There are several variants of Merlin's Magic Square puzzle. It is called "Mini Lights Out" to distinguish it from the 5×5 puzzle, which we'll present elsewhere. The one below is played on a 4×4 board wrapped on a torus. That is, the uppermost and lowermost rows are considered neighbors and likewise the leftmost and rightmost columns are considered neighbors. The task is to switch all the buttons off. Each button is embedded into a neighborhood of five buttons according to the 4-connectedness rules. A button's neighborhood includes the button itself and its vertical and horizontal neighbors. All neighborhoods on the torus consist of five buttons. When a button is pressed, all the buttons in its neighborhood are affected and change their states.

 What if applet does not run?

The Theory

As in Merlin's Magic Square, we use linear algebra to represent the problem. Given an ordering of the buttons, a configuration of buttons is associated with a 16-vector v = (v1 v2 ... v16)T, where vi = 1 if the ith button is lit and vi = 0, otherwise. 16-vectors are also used to describe a strategy, or a sequence of button presses. s = (s1 s2 ... s16)T, where si = 1 if the ith button is pressed and si = 0, otherwise. Clearly it is never needed to press the same button twice as two button presses cancel each other's effects. The ordering of the presses is also inessential.

Applying a strategy s to an originally unlit board is equivalent to multiplying a certain 16×16 matrix A by s. The vector As shows the resulting configuration. Also, due to the binary nature of the setup, the strategy for turning off a given set of lights is identical to the strategy for turning those same lights on from an unlit board. Therefore, given an initial configuration v, our goal is to find a strategy vector s so that As = v (mod 2).

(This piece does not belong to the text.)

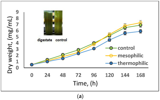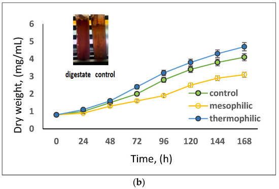 After clarification, both investigated strains were introduced once in a mesophilic digestate and then in a thermophilic digestate. Scenesdesmus acutus growth was highest—7.3 mg/mL in the mesophilic digestate, higher than growth in the control medium (Figure 3a). Porphyridium cruentum reached 4.7 mg/mL dry matter when grown in thermophilic digestate (Figure 3b).

Note that if s has a single 1 with the rest being 0, As has 1s corresponding to the neighborhood of the associated button. (This is actually the definition of the matrix A.) As a matter of fact that can be checked experimentally, if s has 1s in the neighborhood of a button with 0s elsewhere, As has a single 1 corresponding to this button. The algebraic implications of this is that As = v is equivalent to s = Av, or A2 = I, the identity matrix. This also means that the problem has a unique solution (strategy) Av for any starting configuration v.

We note that because of the specific size of this puzzle, the neighborhoods of two distinct buttons will always intersect in either 0 or 2 buttons. We now give the following

### Definition

1. Two buttons are said to be disjoint if their neighborhoods are disjoint.
2. The count of a button is the number of buttons in its neighborhood that are currently turned on.
3. The parity of a button is the parity of its count.

Suppose a button has a current count of n. Pressing that button will change its count to 5 - n, and thus change its parity. Pressing a disjoint button will not change the original button's count or its parity. Pressing a non-disjoint button will make the original button's count either n + 2, n - 2, or n, depending on whether the buttons common to both neighborhoods were, respectively, originally both off, both on, or one on and one off. Thus the original button's parity will not be changed by pressing a non-disjoint button. This leads to the following

### Theorem 1

The parity of a button is changed if and only if that button is pressed.

Combining Theorem 1 and the fact that every starting configuration is solvable, we get an easily implemented method to solve the Mini Lights Out game. Clearly, at the end of the game each button must have parity 0. By Theorem 1, this parity can only be changed by pressing that button. Thus we merely press those buttons whose parity is one.

### References

1. J. Missigman, R. Weida, An Easy Solution to Mini Lights Out, Mathematics Magazine, Vol. 74, No. 1. (Feb., 2001), pp. 57-59.